All is forgiven, however, because Coppola's directorial debut is a damn sight better than anything her dad has done for years. The Virgin Suicides is essentially an arthouse teen flick, but is far more truthful about the turmoil of adolescence than, say, She's All That. Instead of simple erotic enigmas, the Lisbon girls are believable teenagers, which makes their tragic decline all the more affecting.
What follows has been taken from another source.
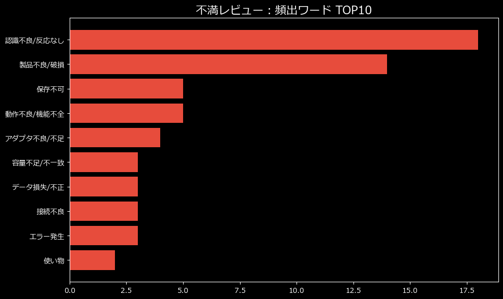頻出単語ランキングで圧倒的1位に輝いた「認識不良/反応なし(18回)」。これこそが、この商品を象徴するキーワードです。

Despite the come-hither title, and the Wonder Years-style narration, it's a quiet, sparse film that doesn't tie everything up neatly at the end. Every performance is deftly restrained: James Woods and Kathleen Turner playing their ages for once as the frumpy, sexually repressed parents, Josh Hartnett as the cocky school stud and Kirsten Dunst as Lux, the source of the film's turbulent sensuality. The hypnotic, languid mood recalls Peter Weir's Picnic At Hanging Rock, another film in which teenage girls mysteriously disappear from a restrictive environment. Unlike Weir, though, Coppola has included plenty of laughs, hinging on the innate daftness of lust-crazed teenage boys.
But despite the comedy, the beautiful cinematography and the lush strains of Air's soundtrack, there's a pervading sense of uneasy tension. The lack of explanation is mildly frustrating, but this sublimely confident and poetic debut has the power to endure as far more than just a Coppola-clan curio.